Eh’s early life was also heavily influenced by his grandmother who took care of the household as he was growing up. When she passed away, Eh and his family opened Krua Supanniga by Khun Yai (Krua Supanniga by Grandma) at their boutique hotel to honour her memory, and to continue producing her signature dishes that diners in Khon Kaen love.
Eh first dived into the restaurant business in Bangkok with a group of friends he met in New York with Minibar Royale, a New York-inspired breakfast and brunch café. Soon after, he ventured on to carve out his own entrepreneurial path with a restaurant of his own. “I wanted a place where Bangkokians can enjoy simple comfort food that I grew up with in Isaan,” he says. With the help of Chef Kornthanut Thongnum who hails from Sakhon Nakon, Somtum Der (Michelin Plate) opened its doors on Soi Saladaeng.
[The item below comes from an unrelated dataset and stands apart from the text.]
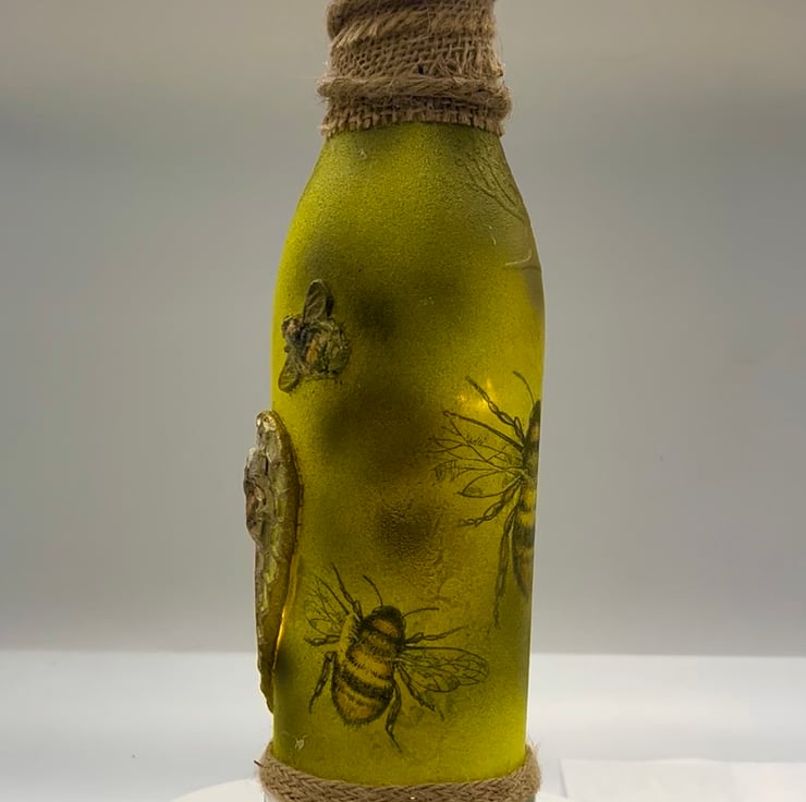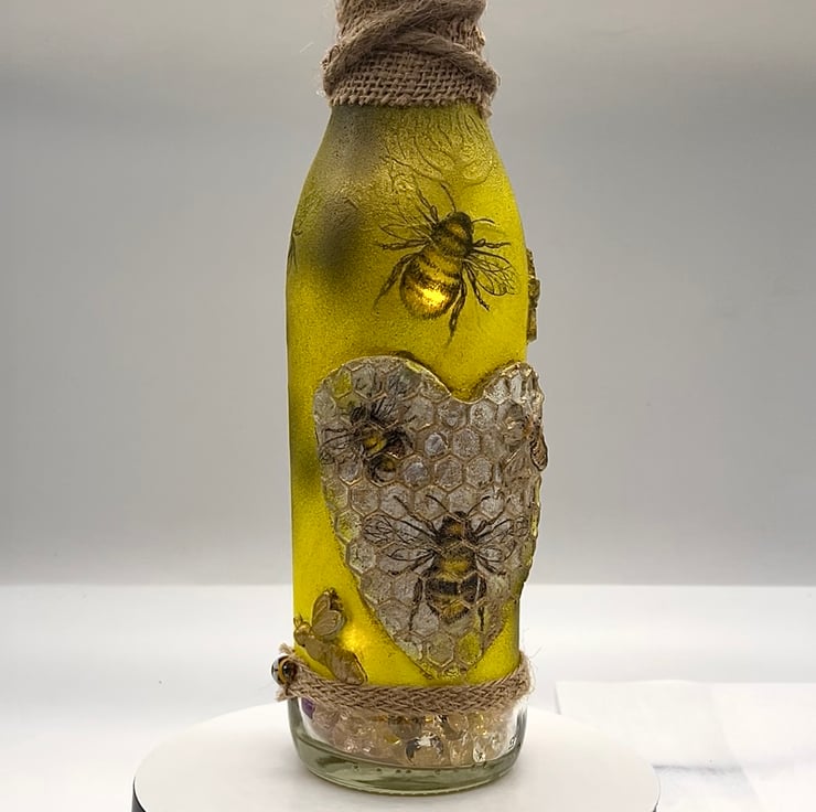 Inside of bottle has battery operated cork string lights which also give off a beautiful effect through the bottle when accompanied by the beautiful decorative crystals at the base of the bottle, finished off with a stylish jute and twine with bee embellishment.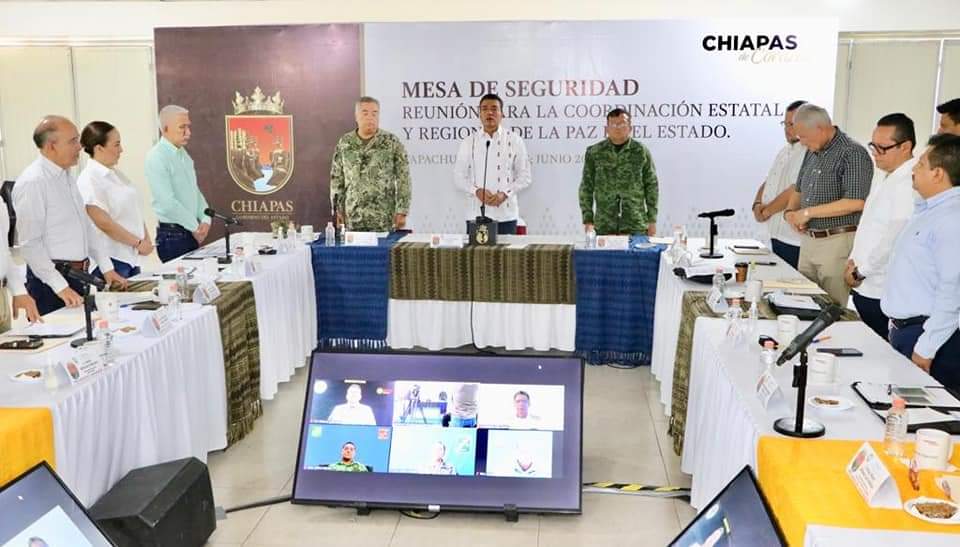 Asimismo, la secretaria de Seguridad y Protección Ciudadana, Gabriela Zepeda Soto; el titular de la Oficina de Representación en Chiapas del INM, Roberto González López; el secretario de Protección Civil, Luis Manuel García Moreno; el presidente de la Comisión Estatal de Derechos Humanos, Juan José Zepeda Bermúdez, los representantes de la XVI Región Naval, Fernando Alfonso Angil; de la 36 Zona Militar, José Joaquín Jiménez; de la 31 Zona Militar, Gary Roy Hernández Hernández; y de manera virtual los representantes de la 38 Zona Militar, Enrique Elvira Sáenz; de la 39 Zona Militar, Luis Adrián Vega Rojo; de la Coordinación Estatal de la Guardia Nacional, Everardo Becerra López.

“Chef Korn created the menu while I worked on the design of the restaurant. I wanted to create a dining environment that derives from the roots of Isaan culture, so there are elements in Somtum Der that strongly reflect the lifestyle of the province,” Eh enthuses.
After the successful opening of Somtum Der, Eh’s friend and business partner, Tatchai Nakapan, suggested that the time was ripe to bring Krua Supanniga by Khun Yai (Supanniga Kitchen by Grandma) to Bangkok. Since the first Supanniga Eating House (Michelin Plate) opened on Thonglor eight years ago, Eh has since added a branch on Sathorn, and Supanniga Tha Tien (Michelin Plate) opened two years ago opposite the majestic Wat Arun Temple. Supanniga also runs two river cruises a day, one of which is a dinner cruise.
2019 is another exciting year for Eh as Somtum Der spreads its wings up north with a branch that opened earlier this month on One Nimman in Chiang Mai. It will be Somtum Der’s sixth branch since Eh and his partners opened branches in New York (1 Michelin star in 2016), Ho Chi Minh, and Tokyo.
“There are slight variants on the menus at each branch. The chefs follow my grandmother’s original recipes. I help them to explore the accuracy of the tastes and presentations,” Eh says. “Most importantly, I ensure our dishes stay true to their identity which is traditional Eastern Thai cuisine that are reminiscent of dishes from my grandmother’s kitchen.”
An additional branch of Supanniga Eating House is due to open in May this year in Bangkok on Soi 38 Charoenkrung Road.